[Problem requirements]
Could you please retype the records exactly, minus their pictures?

[Listed records — start]

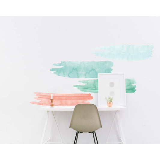 Watercolor Strokes Wall Decals | Coral Teal Green
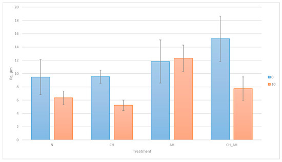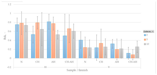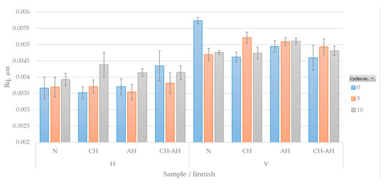 The chart is divided into two parts—H (horizontal roughness, i.e., roughness in the weft direction) and V (vertical roughness, i.e., roughness in the warp direction). The tested samples are as follows: U—untreated, control samples; CH—samples treated with chitosan; AH—alkaline hydrolyzed samples; CH-AH—alkaline hydrolyzed samples treated with chitosan. The color of the bars represents the number of washing cycles (5 and 10) to which each sample was subjected (graph legend). From the results shown in Figure 8, it is evident that there is no significant difference in the Rq parameter values based on the type and degree of sample treatment. Roughness increases with washing cycles, which is more pronounced after 10 washing cycles, while after 5 washing cycles, roughness can temporarily decrease (especially in alkaline hydrolyzed samples).
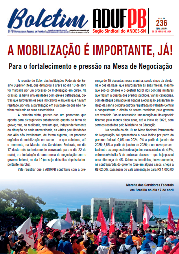 maio232024 Acesse a publicação. Versão PDF. 23 de maio de 2024 Compartilhar Compartilhar isto FacebookCompartilhar isto Facebook Share on XCompartilhar isto X Compartilhar isto WhatsAppCompartilhar isto WhatsApp Navegação de post:AnteriorPost anterior:Boletim ADUFPB | nº 235 | 26 ABRIL 2024 – AURORA DA DEMOCRACIAPróximoPróximo post:Boletim ADUFPB | nº 237 | 23 MAIO 2024 – AVALIAÇÃO ÚLTIMA PROPOSTA DO GOVERNO
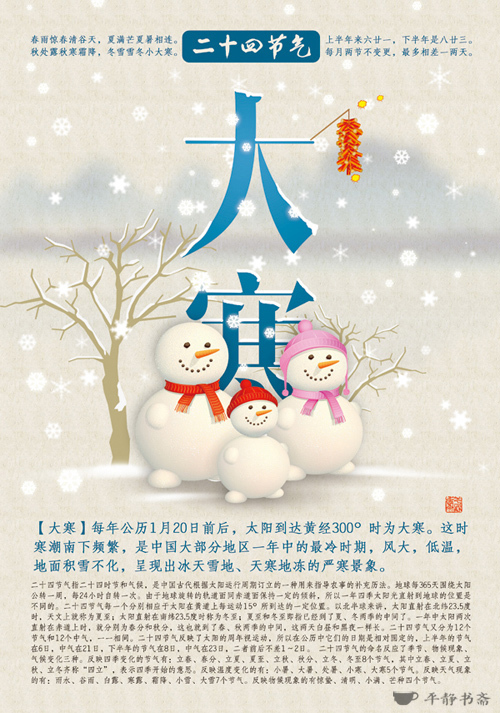 大寒是二十四节气中最后一个节气,每年1月20日前后太阳到达黄经300°时为"大寒"。大寒,是天气寒冷到极点的意思。《授时通考·天时》引《三礼义宗》:"大寒为中者,上形于小寒,故谓之大......寒气之逆极,故谓大寒。"这时寒潮南下频繁,是我国大部地区一年中的寒冷时期,风大,低温,地面积雪不化,呈现出冰天雪地、天寒地冻的严寒景象。诗云"蜡树银山炫皎光,朔风独啸静三江。老农犹喜高天雪,况有来年麦果香。(左河水)"大寒是中国二十四节气中的最后一个,过了大寒又立春,即迎来新一年的节气轮回。
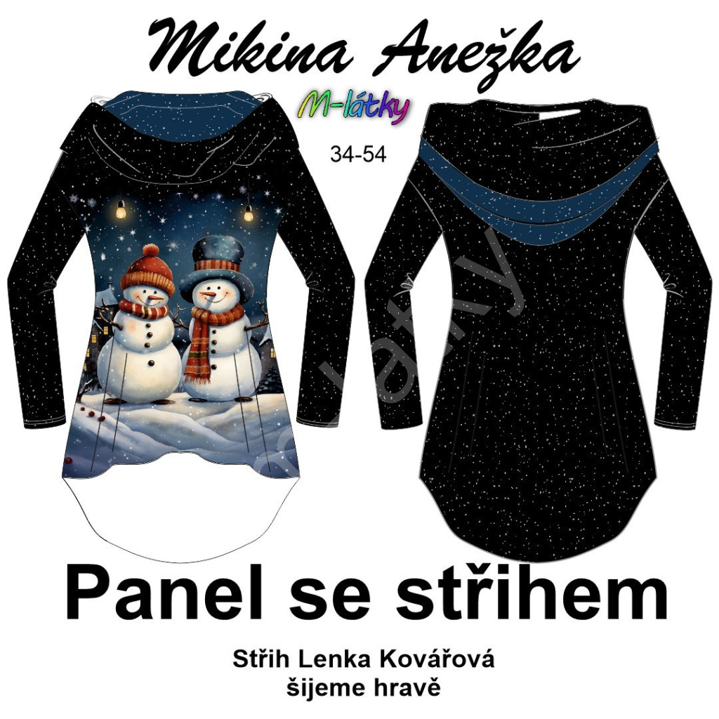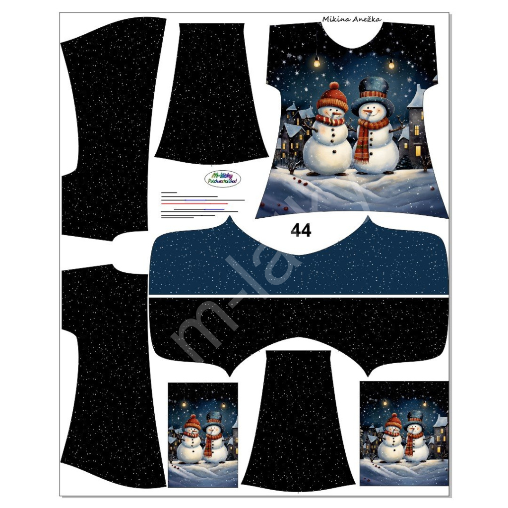 OB K - Panel se střihem - mikina/tričko Anežka - nakombinujte si varianty s kapucí, rukávy, nebo bez - sněhuláci Funkční úplet 30300001 46 digitální tisk m-látky – výběr z rozměrů a mateirálů
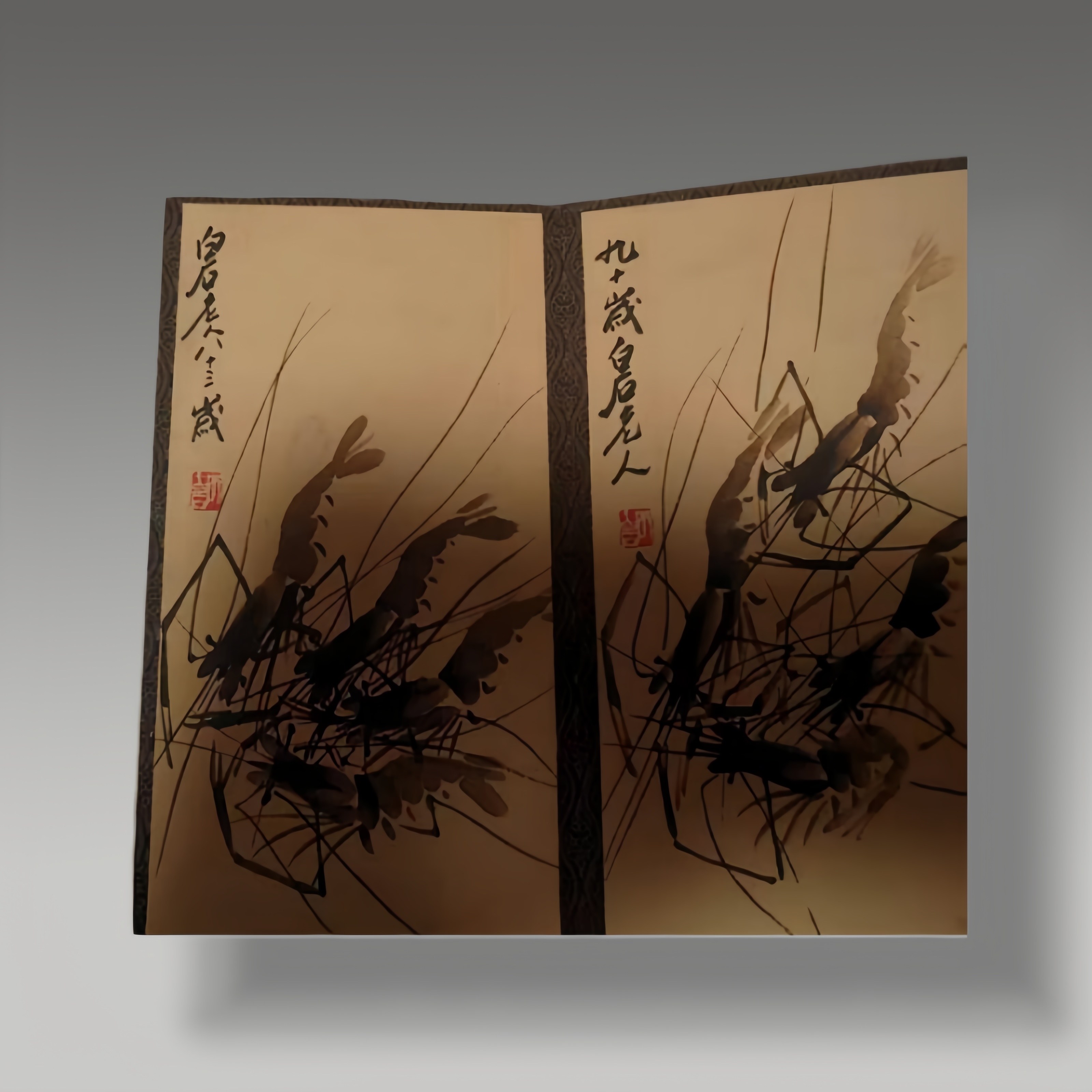 这幅墨虾图尽显大师功底!淡墨晕染虾身,通透灵动似有波光流转;浓墨点睛,长臂钢劲,须爪轻盈飘逸
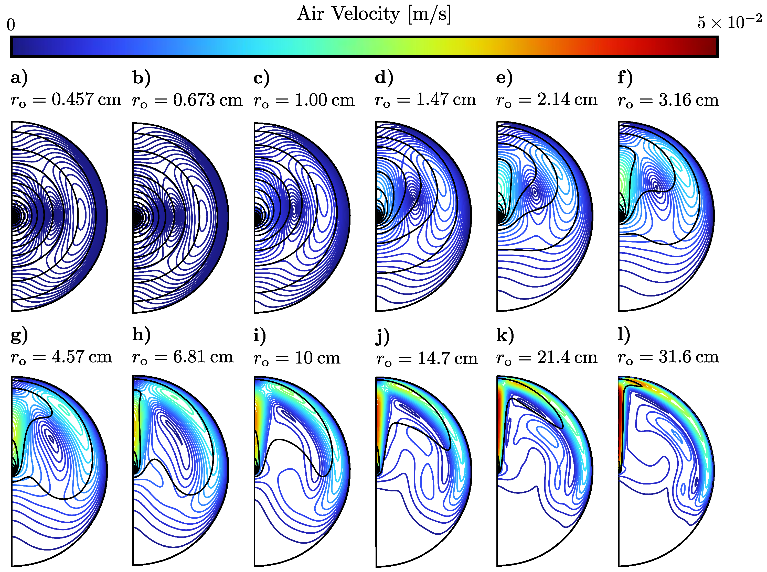Figure 5. Velocity (color scale) and temperature (black) contours of twelve different values of r o , chosen around the point where k eff / k starts to increase. As the size of the system increases, the velocity of the air circulation increases. Δ T = 10 K and r i =   45.7   μ m for all curves.
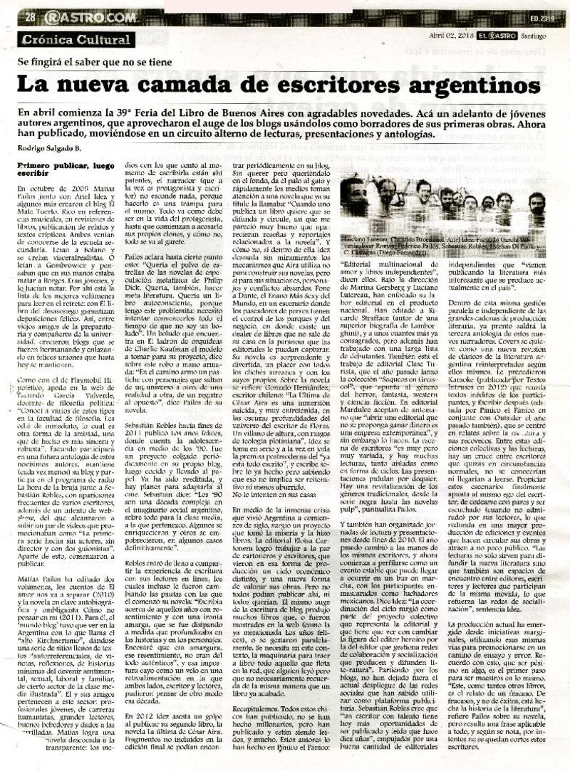 La nueva camada de escritores argentinos [artículo] Rodrigo Salgado B.
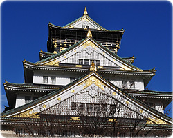 與名古屋城、熊本城齊名的三大名城之一,為日本名將豐臣秀吉所建造,其雄偉的石牆砌造佔地約106.7公頃,分為本丸、二之丸和城廊之外的三之丸,四周以護城河圍繞。園內種植許多樹木,以染井吉野櫻為主,亦有上千棵梅樹來點綴,被樹林環繞的大阪城,其四季呈現各種美景令遊客沉醉。
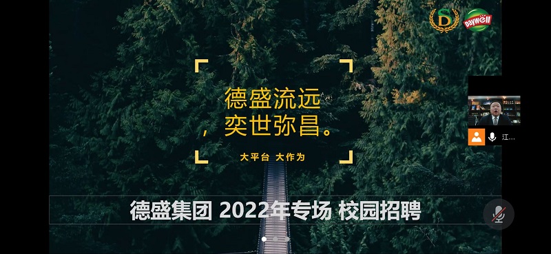 2022年4月20日,在建军东路校区英国正版365官方网站会议室,江苏德盛食品有限公司召开线上专场招聘会,我院2022届30余名应届毕业生参加此次招聘会。
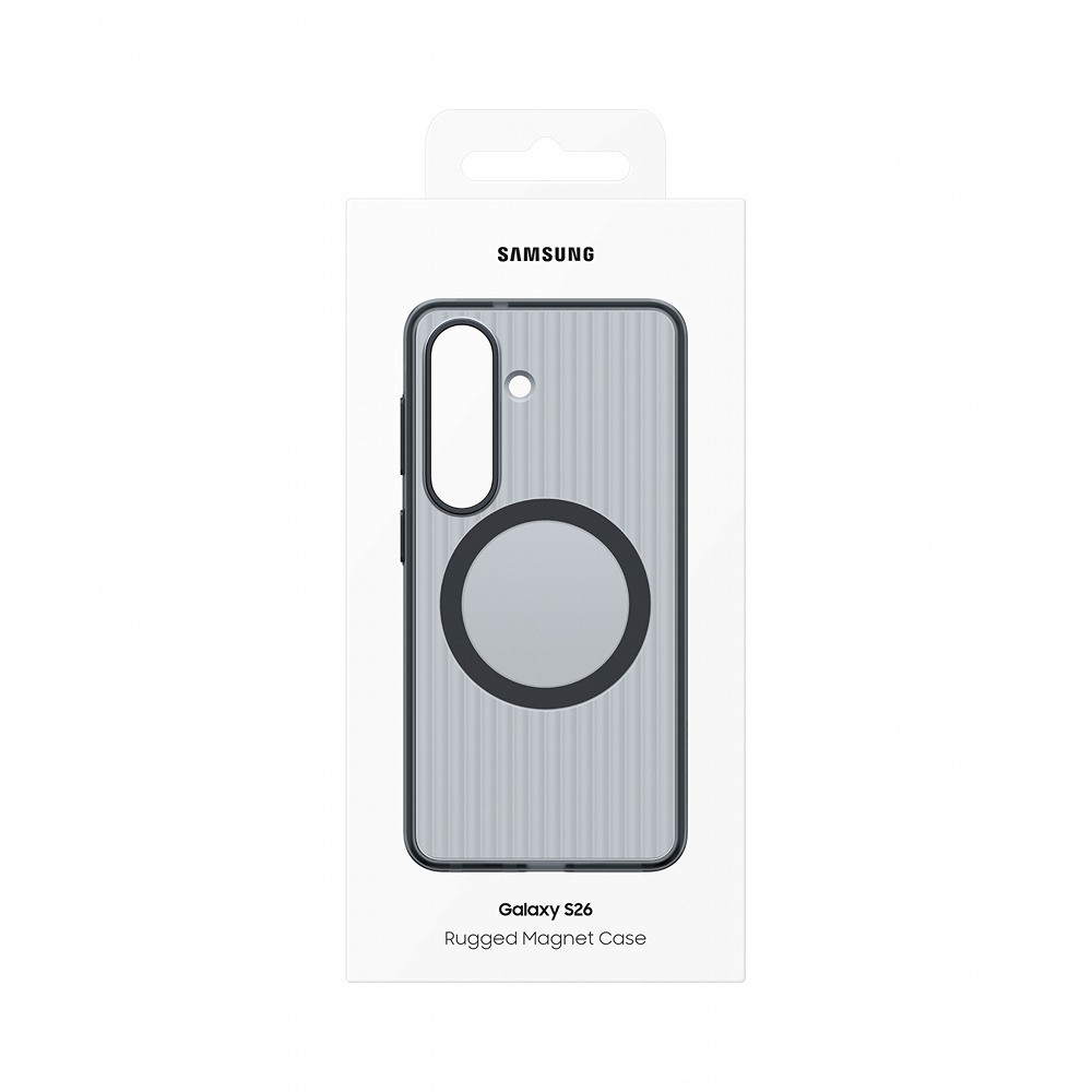 Samsung Original Galaxy S26 Skal Rugged Magnet Case Sort er et sort og gennemsigtigt mobilskal til Samsung Galaxy S26.

[Listed records — finish]

[Completed exercise]
 Watercolor Strokes Wall Decals | Coral Teal Green
 The chart is divided into two parts—H (horizontal roughness, i.e., roughness in the weft direction) and V (vertical roughness, i.e., roughness in the warp direction). The tested samples are as follows: U—untreated, control samples; CH—samples treated with chitosan; AH—alkaline hydrolyzed samples; CH-AH—alkaline hydrolyzed samples treated with chitosan. The color of the bars represents the number of washing cycles (5 and 10) to which each sample was subjected (graph legend). From the results shown in Figure 8, it is evident that there is no significant difference in the Rq parameter values based on the type and degree of sample treatment. Roughness increases with washing cycles, which is more pronounced after 10 washing cycles, while after 5 washing cycles, roughness can temporarily decrease (especially in alkaline hydrolyzed samples).
 maio232024 Acesse a publicação. Versão PDF. 23 de maio de 2024 Compartilhar Compartilhar isto FacebookCompartilhar isto Facebook Share on XCompartilhar isto X Compartilhar isto WhatsAppCompartilhar isto WhatsApp Navegação de post:AnteriorPost anterior:Boletim ADUFPB | nº 235 | 26 ABRIL 2024 – AURORA DA DEMOCRACIAPróximoPróximo post:Boletim ADUFPB | nº 237 | 23 MAIO 2024 – AVALIAÇÃO ÚLTIMA PROPOSTA DO GOVERNO
 大寒是二十四节气中最后一个节气,每年1月20日前后太阳到达黄经300°时为"大寒"。大寒,是天气寒冷到极点的意思。《授时通考·天时》引《三礼义宗》:"大寒为中者,上形于小寒,故谓之大......寒气之逆极,故谓大寒。"这时寒潮南下频繁,是我国大部地区一年中的寒冷时期,风大,低温,地面积雪不化,呈现出冰天雪地、天寒地冻的严寒景象。诗云"蜡树银山炫皎光,朔风独啸静三江。老农犹喜高天雪,况有来年麦果香。(左河水)"大寒是中国二十四节气中的最后一个,过了大寒又立春,即迎来新一年的节气轮回。
 OB K - Panel se střihem - mikina/tričko Anežka - nakombinujte si varianty s kapucí, rukávy, nebo bez - sněhuláci Funkční úplet 30300001 46 digitální tisk m-látky – výběr z rozměrů a mateirálů
 这幅墨虾图尽显大师功底!淡墨晕染虾身,通透灵动似有波光流转;浓墨点睛,长臂钢劲,须爪轻盈飘逸
Figure 5. Velocity (color scale) and temperature (black) contours of twelve different values of r o , chosen around the point where k eff / k starts to increase. As the size of the system increases, the velocity of the air circulation increases. Δ T = 10 K and r i =   45.7   μ m for all curves.
 La nueva camada de escritores argentinos [artículo] Rodrigo Salgado B.
 與名古屋城、熊本城齊名的三大名城之一,為日本名將豐臣秀吉所建造,其雄偉的石牆砌造佔地約106.7公頃,分為本丸、二之丸和城廊之外的三之丸,四周以護城河圍繞。園內種植許多樹木,以染井吉野櫻為主,亦有上千棵梅樹來點綴,被樹林環繞的大阪城,其四季呈現各種美景令遊客沉醉。
 2022年4月20日,在建军东路校区英国正版365官方网站会议室,江苏德盛食品有限公司召开线上专场招聘会,我院2022届30余名应届毕业生参加此次招聘会。
 Samsung Original Galaxy S26 Skal Rugged Magnet Case Sort er et sort og gennemsigtigt mobilskal til Samsung Galaxy S26.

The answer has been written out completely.